## SOURCE DATA
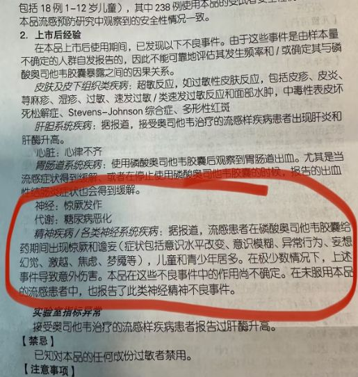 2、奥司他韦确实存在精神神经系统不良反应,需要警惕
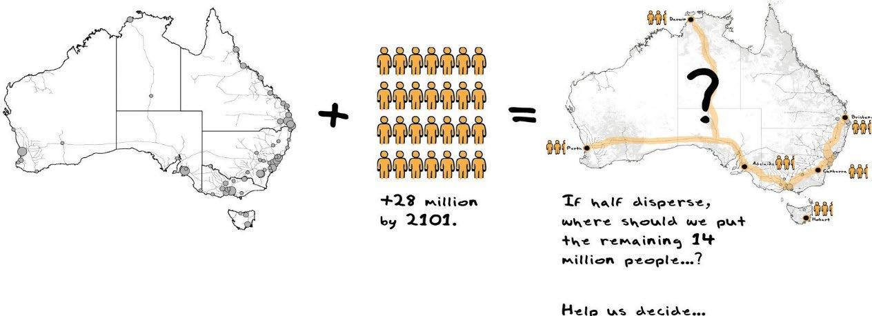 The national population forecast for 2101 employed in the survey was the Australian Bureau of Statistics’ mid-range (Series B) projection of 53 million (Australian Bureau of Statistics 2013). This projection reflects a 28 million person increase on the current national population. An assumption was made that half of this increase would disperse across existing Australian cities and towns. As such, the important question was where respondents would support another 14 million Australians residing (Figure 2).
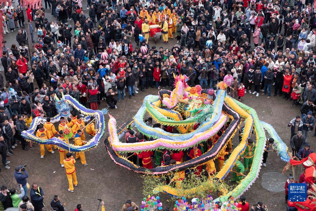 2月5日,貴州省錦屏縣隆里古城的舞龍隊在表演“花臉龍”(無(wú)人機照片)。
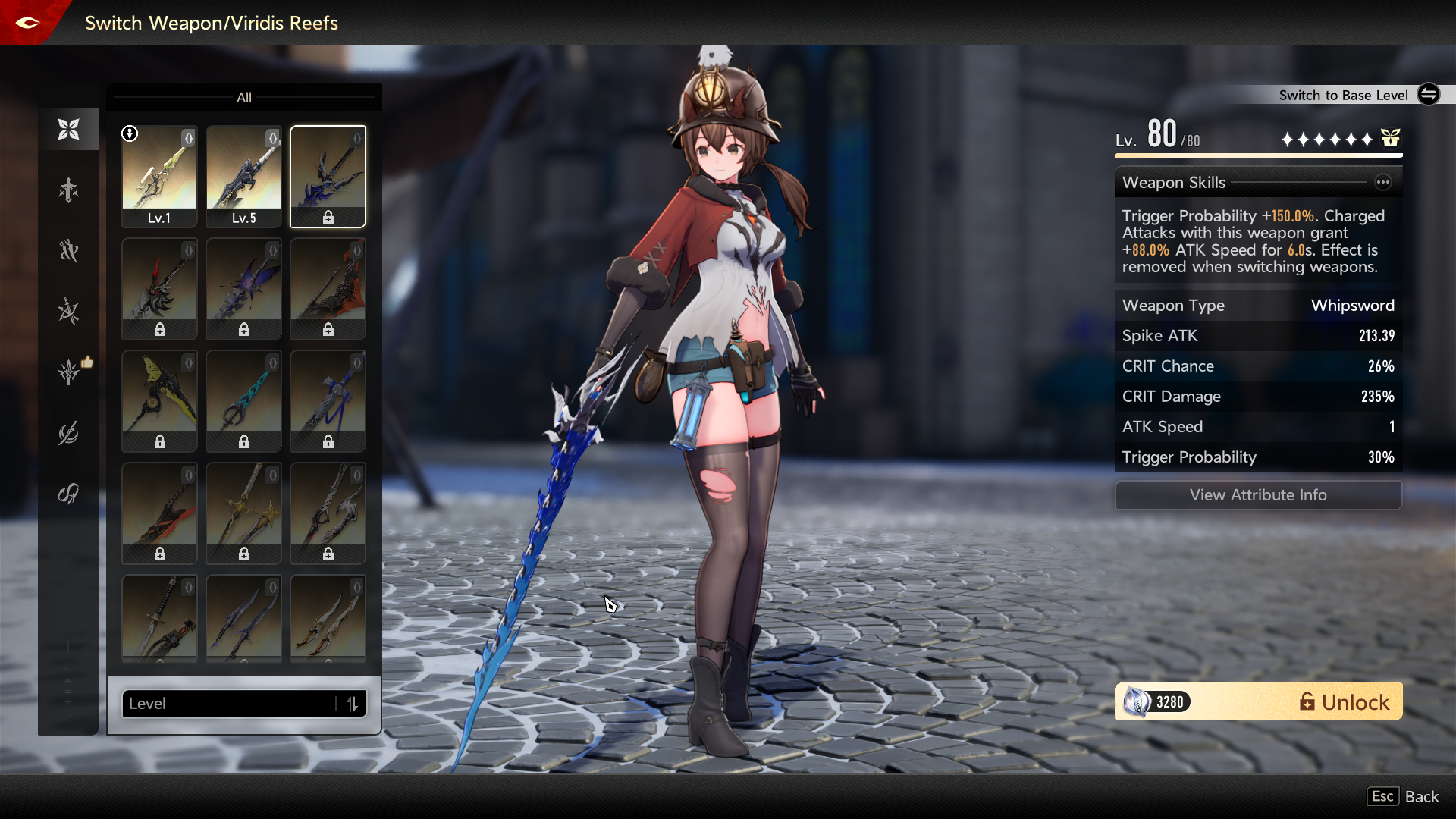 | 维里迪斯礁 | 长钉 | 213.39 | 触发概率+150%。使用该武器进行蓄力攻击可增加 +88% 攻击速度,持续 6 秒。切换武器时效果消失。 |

* * *

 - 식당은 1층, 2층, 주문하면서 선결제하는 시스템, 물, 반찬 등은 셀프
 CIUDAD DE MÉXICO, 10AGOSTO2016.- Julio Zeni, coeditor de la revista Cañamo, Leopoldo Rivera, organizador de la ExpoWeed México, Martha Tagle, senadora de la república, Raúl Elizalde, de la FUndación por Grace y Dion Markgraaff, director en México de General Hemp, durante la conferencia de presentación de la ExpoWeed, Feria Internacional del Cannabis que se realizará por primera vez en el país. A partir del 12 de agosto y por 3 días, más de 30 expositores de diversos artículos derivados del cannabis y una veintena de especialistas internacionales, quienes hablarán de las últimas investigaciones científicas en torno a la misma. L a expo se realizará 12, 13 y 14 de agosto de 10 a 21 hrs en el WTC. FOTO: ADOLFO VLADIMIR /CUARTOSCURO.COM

---

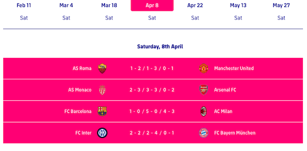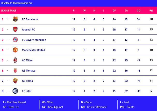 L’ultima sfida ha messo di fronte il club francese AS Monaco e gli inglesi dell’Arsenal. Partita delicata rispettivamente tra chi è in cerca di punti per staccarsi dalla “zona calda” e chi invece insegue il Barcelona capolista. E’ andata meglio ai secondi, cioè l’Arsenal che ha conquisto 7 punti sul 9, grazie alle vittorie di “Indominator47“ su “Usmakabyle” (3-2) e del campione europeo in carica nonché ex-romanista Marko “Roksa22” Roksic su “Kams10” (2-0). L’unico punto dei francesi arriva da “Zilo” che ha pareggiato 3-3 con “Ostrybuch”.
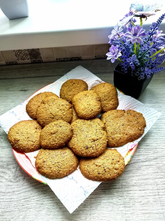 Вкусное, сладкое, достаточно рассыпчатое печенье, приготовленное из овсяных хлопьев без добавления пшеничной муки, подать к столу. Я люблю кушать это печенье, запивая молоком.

## WHAT TO DO
Look above for the line with "The national population" and the line with "6 秒。切换武器时效果消失。 |". Give again exactly those two lines and all lines between them, pictures excluded.

## ANSWER SPACE
 The national population forecast for 2101 employed in the survey was the Australian Bureau of Statistics’ mid-range (Series B) projection of 53 million (Australian Bureau of Statistics 2013). This projection reflects a 28 million person increase on the current national population. An assumption was made that half of this increase would disperse across existing Australian cities and towns. As such, the important question was where respondents would support another 14 million Australians residing (Figure 2).
 2月5日,貴州省錦屏縣隆里古城的舞龍隊在表演“花臉龍”(無(wú)人機照片)。
 | 维里迪斯礁 | 长钉 | 213.39 | 触发概率+150%。使用该武器进行蓄力攻击可增加 +88% 攻击速度,持续 6 秒。切换武器时效果消失。 |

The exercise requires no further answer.